Editorial: Scapegoating Private England

Reprinted from The Common Good, No 30, Spring 2004

It is often said that violence is as American as apple pie. It seems now that torture is too. The pictures of the grinning Private Lynndie England in our news media and the shocking story of brutality which so graphically unfolded in those dramatic days in May crystalised for the world something that many have known for a long time. That is that torture is common and widespread within the American military.

Lynndie England is a perfect scapegoat for this systemic abuse. Not too bright, totally loyal to superiors, emotionally needy, keen to fit in and be accepted (she lived in a trailer park and has a broken marriage), she was tailor-made for the military PR machine. Holding Lynndie publicly responsible will make for simplistic TV imagery but would merely cover over this rottenness that runs right through the military. The chain of command that led to Lynndie’s actions needs to be exposed. That chain goes right to the top.

The soldiers now accused were in fact implementing official US government policy in their treatment of prisoners. This is policy that sits at the heart of the US and British war effort. Responsibility for it rests with those who made it, knew about it and implemented it. Donald Rumsfeld is the principal architect of the war. He it is who said that the Geneva Convention didn’t apply to detainees at Guantanamo Bay, a ‘wink and nod’ message heard throughout the entire war machine. Doesn’t this make him principally responsible? Isn’t he far more responsible than Lynndie and her mates? They were only obeying orders that filtered down from the highest echelons of the war command.
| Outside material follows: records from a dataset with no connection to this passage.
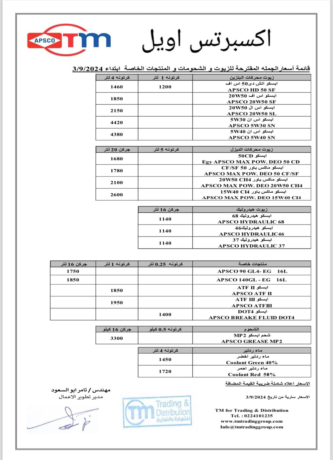 يُشار إلى أن شركتا التعاون للبترول ومصر للبترول، رفع أسعار الزيوت والشحومات والمنتجات الخاصة اعتبارًا من اليوم 28 أغسطس 2024، حيث أخطرتا الموزعين على مستوى محافظات مصر بهذا القرار.
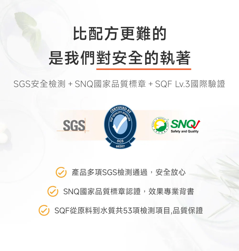 🧡頂級雙認證榮耀: 榮獲 SNQ國家品質標章肯定,並由國際SQF Level 3 最高等級驗證工廠生產,食安標準業界頂尖。
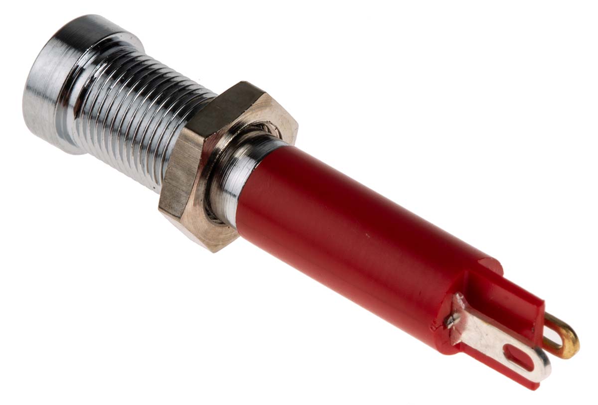 This is Red LED Indicator 24 V dc 3 mm Lamp Size 6mm Mounting Hole Size manufactured by RS Pro. The manufacturer part number is 205-016. The product is available in panel mount configuration. Moreover, the product has a nominal 24v dc voltage rating. Its accurate length is 34.4mm. The product has a current rating of 20ma. It is a type of led lamp.

They understood that this was how you conduct war.

Let President Bush and Secretary Rumsfeld act now on their tough words and acknowledge that the immoral war in Iraq led to the degradation of the prisoners, that they personally were principally responsible both for it and the policy of torture. Let them pull the US troops out forthwith, and grant the scapegoats, including Lynndie, discharges before sending them home.

Let them abolish torture training, close down the School of the Americas, throw the torture manuals away, and use the Beatitudes as a manual for training in non-violence! That is what Jesus wanted us to do. He left the Beatitudes as a concrete platform for Christian living. And President Bush does claim to be Christian.

Finally, let them both resign and do penance for the rest of their lives. After what has happened, ongoing Christian conversion demands nothing less.